Palin steps down from politics. What does this mean for environmentalists – and wolves?

Sarah Palin, Governor of Alaska and former Republican VP nominee, has resigned from the office of governor.  While this move raised questions about her plans to run for president in 2012, she is, according to sources close to her, “out of politics period.”  (Read the HuffPost article here and the CNN report here.)

This news may seem off-topic for a green blog, but it really isn’t.  Governor Palin rose to national fame during the 2008 elections.  Since then, she has gained infamy among conservation groups for her environmental record, repeatedly supporting ANWR drilling and brutal “predator control” projects, while fighting Endangered Species protection for polar bears and beluga whales.

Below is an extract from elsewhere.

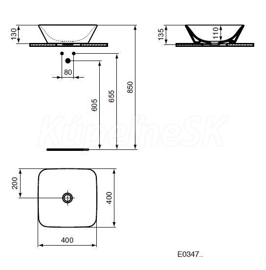 Ideal Standard E034701 CONNECT AIR Umývadlo na dosku 40cm,Bez prepadu,Bez otvoru na batéri
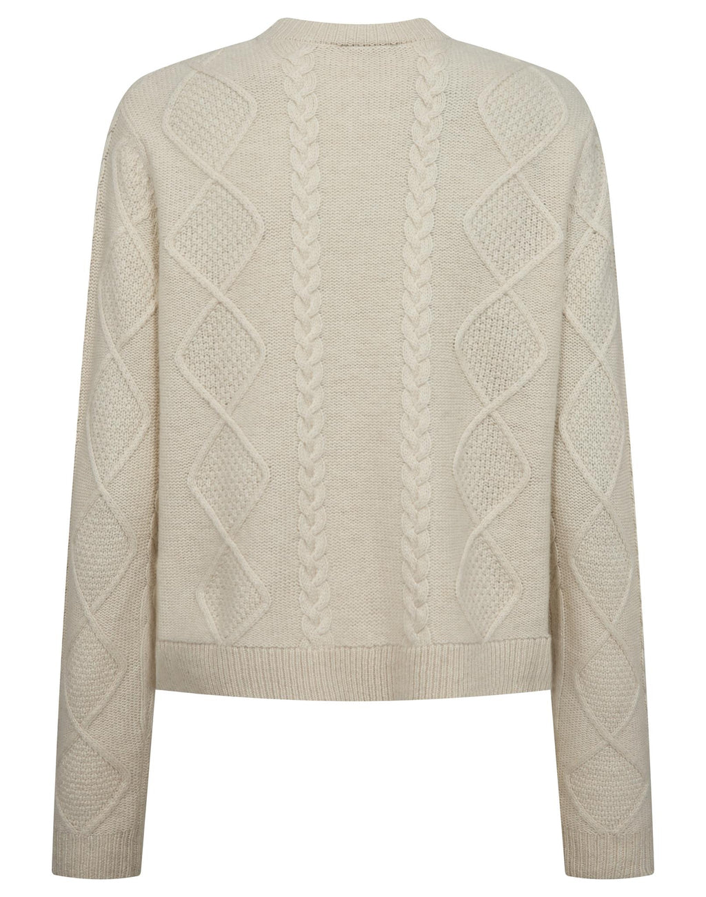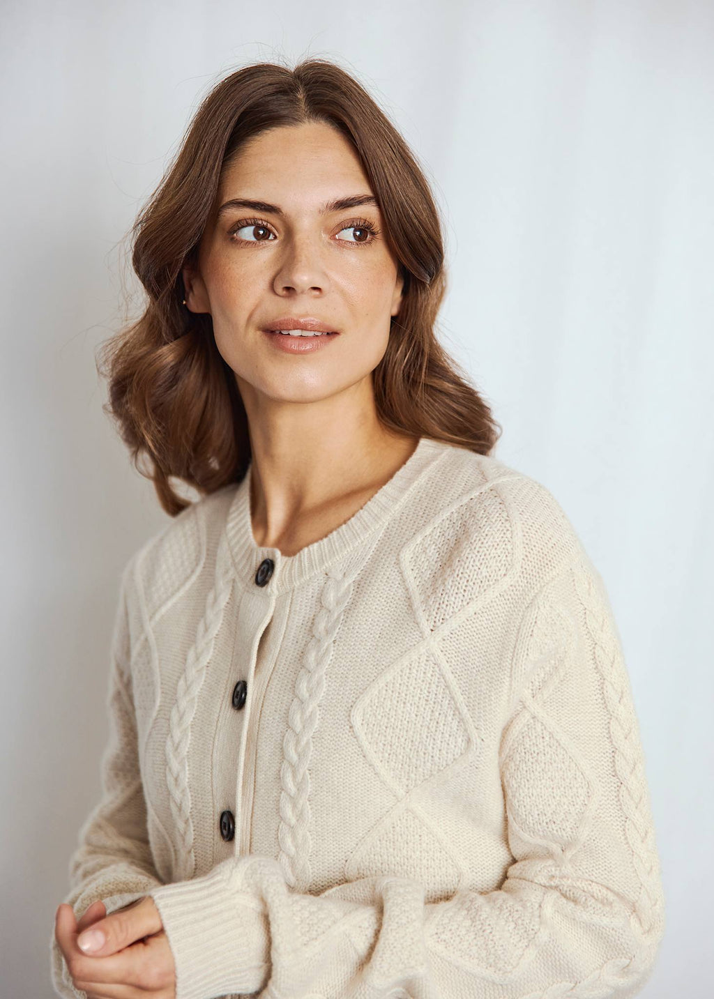 Tung, kabelstrikket cardigan til kvinder i en blød blanding af lammeuld og tencel. Lukkes med hornknapper og har ribdetaljer i krave, ærmer og søm for et klassisk og hyggeligt udtryk. Perfekt med BS June for et gennemført look, eller sammen med et par af dine favorit jeans.

I could go on about Alaska’s war against nature, but this article is about Sarah Palin, and her state’s wildlife policy has been atrocious since long before she took office.

Still, Palin has actively supported oil drilling and predator control, so her resignation could potentially have a strong impact in the environmental scene.  Unfortunately, her successor is likely to continue many of the state’s outdated policies, as he has called Palin Alaska’s “greatest gift.”

Her presidential campaign — or lack thereof — is of more significance.  Her down-to-earth charisma and well-publicized values endeared her to conservative Republican voters, who would possibly favor her in the 2012 election.  And a President Palin could make us greens miss Bush.

UPDATE:  To avoid confusion, I should correct that Governor Palin does not necessarily intend to quit politics altogether.  While she may not plan to run for national office, she will still be a major player in American politics.